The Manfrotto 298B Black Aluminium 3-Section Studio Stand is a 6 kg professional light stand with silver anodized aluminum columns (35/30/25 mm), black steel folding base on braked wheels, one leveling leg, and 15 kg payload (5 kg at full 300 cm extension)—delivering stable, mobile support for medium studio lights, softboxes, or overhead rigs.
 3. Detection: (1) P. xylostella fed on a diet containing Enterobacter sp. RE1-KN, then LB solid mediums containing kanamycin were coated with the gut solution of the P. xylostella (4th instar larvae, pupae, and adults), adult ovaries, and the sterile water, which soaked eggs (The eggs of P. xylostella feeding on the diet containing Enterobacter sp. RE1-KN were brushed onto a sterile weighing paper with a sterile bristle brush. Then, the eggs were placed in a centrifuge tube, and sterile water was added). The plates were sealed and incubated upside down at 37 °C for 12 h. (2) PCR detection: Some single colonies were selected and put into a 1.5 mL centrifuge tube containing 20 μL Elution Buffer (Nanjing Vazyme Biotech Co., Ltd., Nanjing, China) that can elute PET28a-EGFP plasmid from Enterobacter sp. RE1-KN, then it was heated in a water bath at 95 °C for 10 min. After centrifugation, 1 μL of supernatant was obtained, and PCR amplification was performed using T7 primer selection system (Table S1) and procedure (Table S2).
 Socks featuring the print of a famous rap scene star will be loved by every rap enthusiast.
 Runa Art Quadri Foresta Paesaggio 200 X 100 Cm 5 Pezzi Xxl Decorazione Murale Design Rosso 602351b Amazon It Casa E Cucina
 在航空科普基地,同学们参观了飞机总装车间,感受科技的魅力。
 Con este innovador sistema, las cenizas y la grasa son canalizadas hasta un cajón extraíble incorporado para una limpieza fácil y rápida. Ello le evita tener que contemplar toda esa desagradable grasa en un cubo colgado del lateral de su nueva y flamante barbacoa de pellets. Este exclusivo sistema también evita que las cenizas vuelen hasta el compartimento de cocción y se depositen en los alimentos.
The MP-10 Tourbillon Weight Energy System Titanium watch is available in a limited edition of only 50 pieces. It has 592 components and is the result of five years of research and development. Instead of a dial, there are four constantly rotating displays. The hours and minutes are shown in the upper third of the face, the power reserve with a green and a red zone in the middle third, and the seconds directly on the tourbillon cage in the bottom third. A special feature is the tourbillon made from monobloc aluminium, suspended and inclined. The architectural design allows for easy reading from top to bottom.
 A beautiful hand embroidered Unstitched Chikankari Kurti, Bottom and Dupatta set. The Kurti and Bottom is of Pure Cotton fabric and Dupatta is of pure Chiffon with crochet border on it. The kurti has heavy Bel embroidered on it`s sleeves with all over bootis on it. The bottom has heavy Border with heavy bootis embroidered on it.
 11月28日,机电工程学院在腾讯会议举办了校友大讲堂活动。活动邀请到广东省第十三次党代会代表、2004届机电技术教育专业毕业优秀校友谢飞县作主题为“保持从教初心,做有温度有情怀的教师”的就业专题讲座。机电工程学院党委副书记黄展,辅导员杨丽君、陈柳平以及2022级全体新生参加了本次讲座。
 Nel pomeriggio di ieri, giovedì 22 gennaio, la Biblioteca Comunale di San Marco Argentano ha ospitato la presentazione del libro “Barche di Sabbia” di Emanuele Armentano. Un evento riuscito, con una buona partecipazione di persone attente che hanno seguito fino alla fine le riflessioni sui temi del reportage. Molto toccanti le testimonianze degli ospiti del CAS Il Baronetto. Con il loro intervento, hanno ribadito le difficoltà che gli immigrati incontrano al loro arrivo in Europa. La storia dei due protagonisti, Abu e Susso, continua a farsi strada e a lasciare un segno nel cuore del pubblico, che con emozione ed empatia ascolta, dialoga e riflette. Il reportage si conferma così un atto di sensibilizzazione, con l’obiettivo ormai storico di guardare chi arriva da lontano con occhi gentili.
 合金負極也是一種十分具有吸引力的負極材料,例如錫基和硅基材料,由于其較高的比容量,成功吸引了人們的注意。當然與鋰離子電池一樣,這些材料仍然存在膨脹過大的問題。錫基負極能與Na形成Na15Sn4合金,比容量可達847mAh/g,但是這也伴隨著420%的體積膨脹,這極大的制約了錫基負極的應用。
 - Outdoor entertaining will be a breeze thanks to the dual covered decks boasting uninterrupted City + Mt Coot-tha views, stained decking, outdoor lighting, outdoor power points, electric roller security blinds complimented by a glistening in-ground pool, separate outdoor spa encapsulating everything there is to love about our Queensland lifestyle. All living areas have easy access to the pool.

__________

◆ **About this exercise**:
Starting at the first line of the entries above, please extract each line up to and including the line with "Con este innovador", unchanged, and add nothing.

◆ **Answer to the problem**:
The Manfrotto 298B Black Aluminium 3-Section Studio Stand is a 6 kg professional light stand with silver anodized aluminum columns (35/30/25 mm), black steel folding base on braked wheels, one leveling leg, and 15 kg payload (5 kg at full 300 cm extension)—delivering stable, mobile support for medium studio lights, softboxes, or overhead rigs.
 3. Detection: (1) P. xylostella fed on a diet containing Enterobacter sp. RE1-KN, then LB solid mediums containing kanamycin were coated with the gut solution of the P. xylostella (4th instar larvae, pupae, and adults), adult ovaries, and the sterile water, which soaked eggs (The eggs of P. xylostella feeding on the diet containing Enterobacter sp. RE1-KN were brushed onto a sterile weighing paper with a sterile bristle brush. Then, the eggs were placed in a centrifuge tube, and sterile water was added). The plates were sealed and incubated upside down at 37 °C for 12 h. (2) PCR detection: Some single colonies were selected and put into a 1.5 mL centrifuge tube containing 20 μL Elution Buffer (Nanjing Vazyme Biotech Co., Ltd., Nanjing, China) that can elute PET28a-EGFP plasmid from Enterobacter sp. RE1-KN, then it was heated in a water bath at 95 °C for 10 min. After centrifugation, 1 μL of supernatant was obtained, and PCR amplification was performed using T7 primer selection system (Table S1) and procedure (Table S2).
 Socks featuring the print of a famous rap scene star will be loved by every rap enthusiast.
 Runa Art Quadri Foresta Paesaggio 200 X 100 Cm 5 Pezzi Xxl Decorazione Murale Design Rosso 602351b Amazon It Casa E Cucina
 在航空科普基地,同学们参观了飞机总装车间,感受科技的魅力。
 Con este innovador sistema, las cenizas y la grasa son canalizadas hasta un cajón extraíble incorporado para una limpieza fácil y rápida. Ello le evita tener que contemplar toda esa desagradable grasa en un cubo colgado del lateral de su nueva y flamante barbacoa de pellets. Este exclusivo sistema también evita que las cenizas vuelen hasta el compartimento de cocción y se depositen en los alimentos.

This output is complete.